Forging is basically involves plastic deformation of material between two dies to achieve desired configuration. Depending upon complexity of the part forging is carried out as open die forging and closed die forging.
In open die forging process, the metal is compressed by repeated blows by a mechanical hammer and shape is manipulated manually.
In closed die forging, the desired configuration is obtained by squeezing the workpiece between two shaped and closed dies.
In the forging process the forces are applied on the raw material such that the stresses induced are greater than yield and less than ultimate so that material is experiencing plastic (or) permanent deformation to get the required shape. But in forging operation force applied can be either continuous or intermittent impact loads.
1 Based on the method of force application
- Hand forging (Drop hammer type)
- Machine forging (Mechanical or hydrostatic forging)
1.1 Hand forging:
Hand forging always uses drop hammer type. Because of the continuous force by the human hand, it is not sufficient to produce the deformation in the workpiece.
1.2 Machine forging:
In machine forging, because the required force is obtained from the machine it is possible to use either continuous force application or intermittent impact load application.
2. Based on the method of the shape obtained
- Open die forging
- Closed die forging
- Semi die forging
2.1 Open die forging
- In open die forging operation only drop hammer type of force application will be used.
- Press forging is not used since there is no time for change the position of the component.
Features of open die forging:
- Repeated impact blows are given on the work.
- Less dimensional accuracy.
- Suitable only for simple shapes of work.
- Requires more skill of the operator.
- Usually used for work before subjecting it to closed die forging (to give approximate shape.
- Dies are simple and less expensive.
- It can be analyzed much easily.
- it is the simplest of all forging operations.
2.2 Closed die forging
- Closed die forging is also called impression die forging because the shape of the dies is impressed on the component.
- In this the type of forging force application may be either press forging type or drop hammer type will be used.
Features of closed die forging:
- Closed die forging involves two or more steps:
- Blocking dies: Work is rough forged, close to final shape.
- Finishing dies: Work is forged to final shape and dimension.
- Both blocking die and finishing die are machined into the same die block.
- More number of dies are required depending on the complexity of the job.
- Two die halves close in and work is deformed under high pressure.
- High dimensional accuracy/close control on tolerances.
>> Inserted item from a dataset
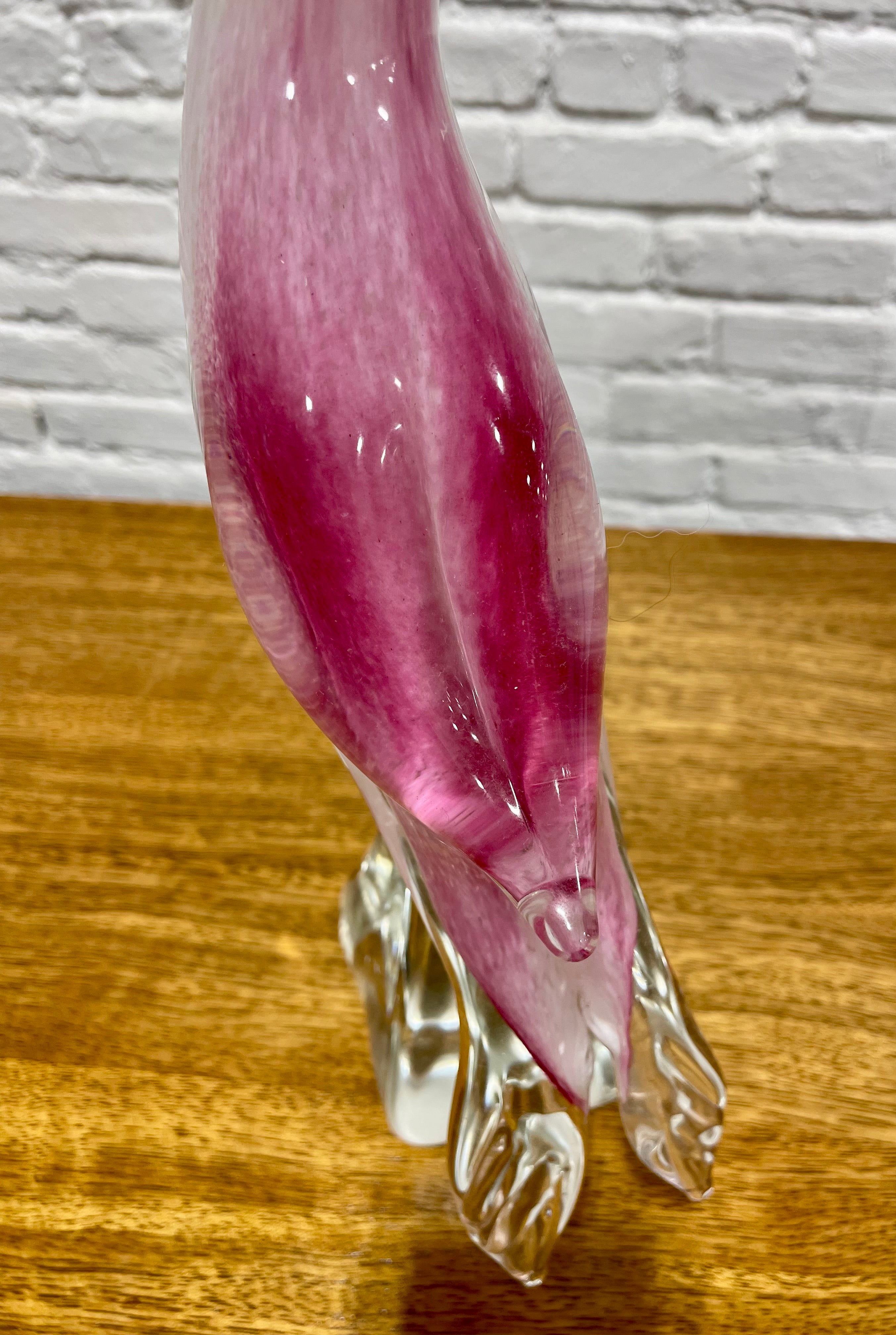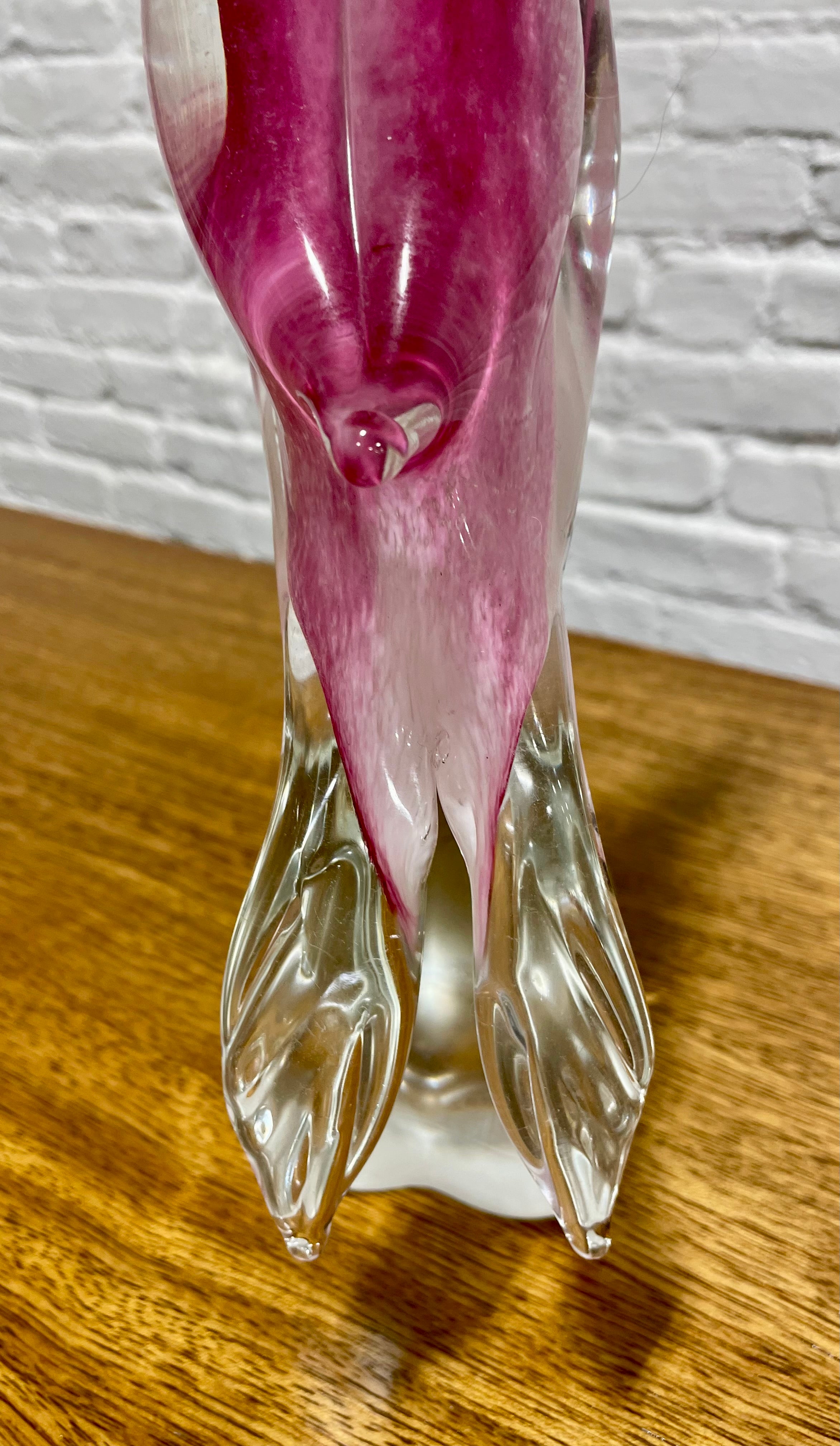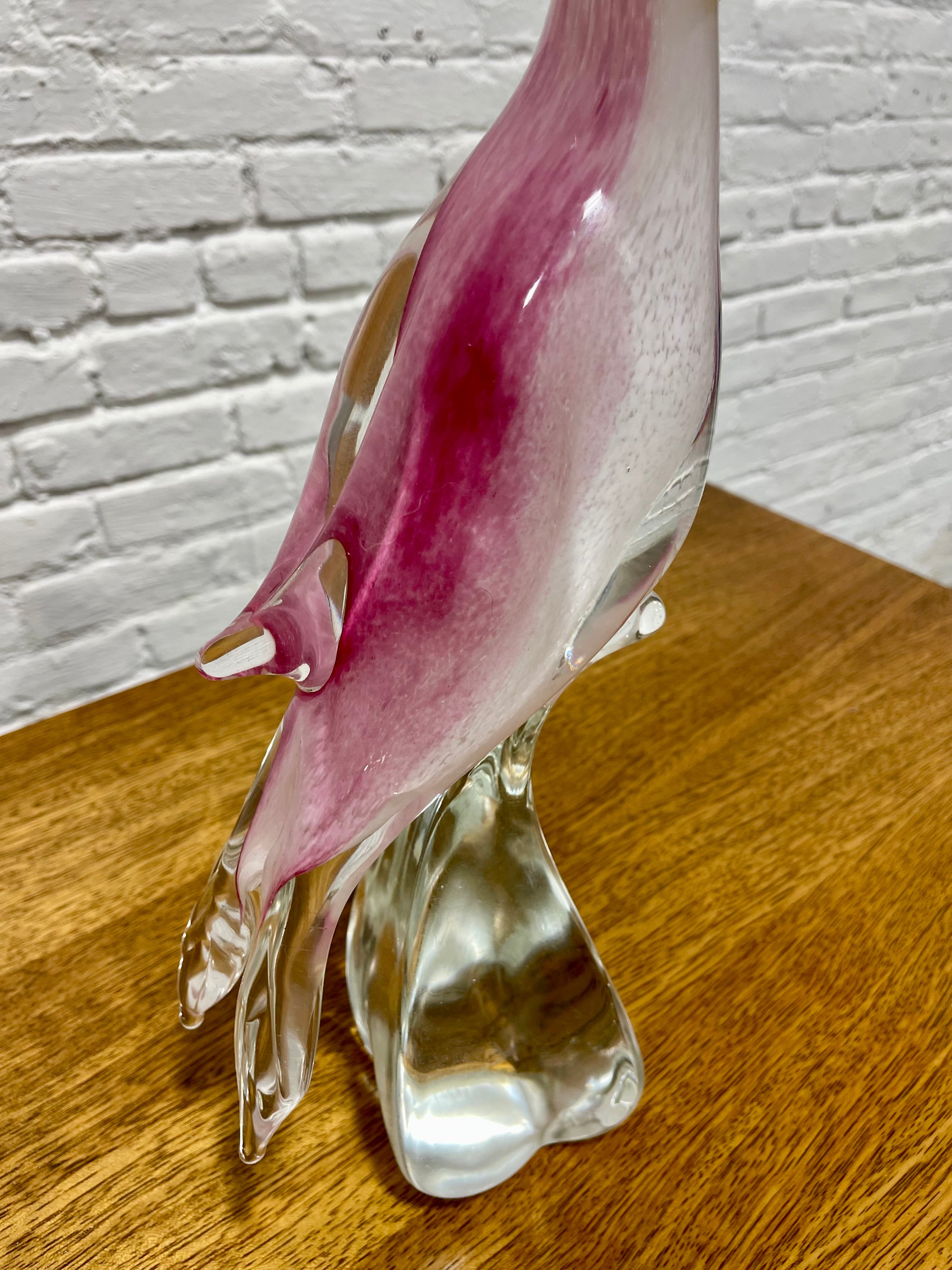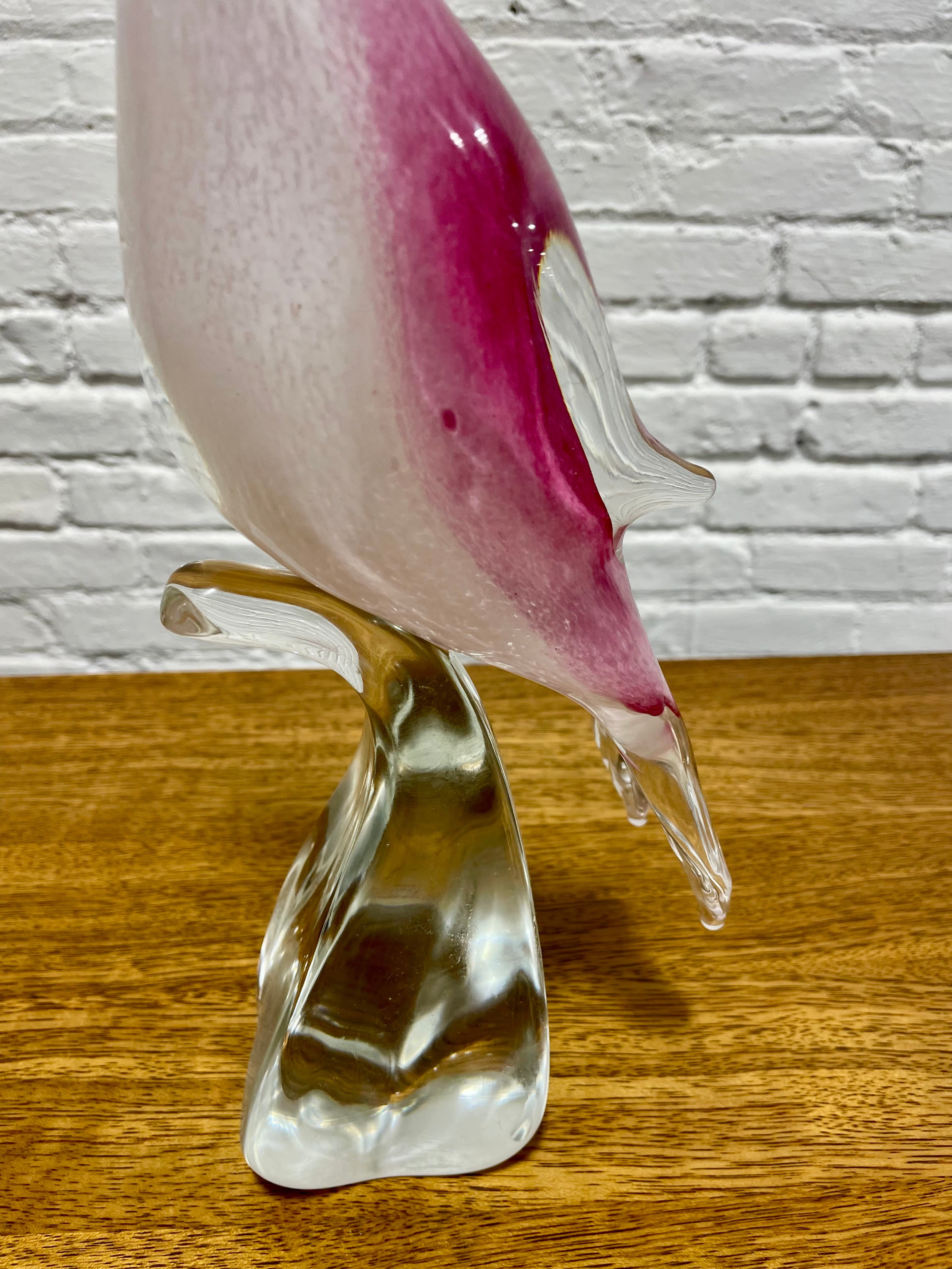 Hand blown Murano glass toucan sculpture, a refined example of traditional Italian glassmaking. Crafted in rich tones of rose pink and soft white, paired with a vibrant yellow beak and a glossy black crest, the bird stands gracefully on a sculpted clear glass base. The sculpture displays wonderfully on a bookshelf, entryway table, sideboard, or display cabinet. Every detail reflects the precision and artistry associated with high quality Murano glasswork.The sculpture displays beautifully in natural light, where its layered colors and internal patterns come alive, making it a standout centerpiece. Excellent condition with no chips or cracks.

- Suitable for complex shapes.
- Dies are complex and more expensive.
- Large production rates are necessary to justify high costs.
2.3 Semi-closed die forging operation
- Only drop hammer type of force application is possible.
- In the case of open die and closed die forging operations, the volume of raw material required is remaining the same as that of the volume of the final finished component. But in the case of closed die forging operation, the volume of the raw material is about 10% to 20% more than the final component to be obtained.
- To accommodate the excess volume of material it is required to provide some open space dies also called the gutter.
- Because of the provision of gutter, the flash is produced in the forged component.
- This flash is unwanted material that has to be removed by trimming operation.
- Flash and gutter are used only in case of closed die operation but not in open die or semi-closed die forging operation.
Some common advantages of choosing forging operation are listed below:
- Forged parts possess high ductility and offer great resistance to impact and fatigue loads.
- Forging refines the structure of the metal.
- It results in considerable saving in time, labor and material as compared to the production process of a similar item by cutting from a solid workpiece and then shaping it.
- Forging distorts the previously created unidirectional fiber as created by rolling and increases the strength by setting the direction of grains.
- The forged parts can be welded easily.
- Because of intense working, flaws are rarely found, so have high reliability.
- High accuracy may be obtained in forging operation.
A few disadvantages of choosing forging operation are listed below:
- Rapid oxidation in forging of a metal surface at high-temperature results in scaling which wears the dies.
- It is difficult to maintain close tolerances in forging operations.
- Forging is limited to simple shapes and has limitations for parts having undercuts etc.
- Some materials are not readily worked by forging.
- The initial cost of forging dies and the cost of their maintenance is high.
- The metals get cracked or distorted if worked below a specified temperature limit.
- The maintenance cost of forging dies is also very high.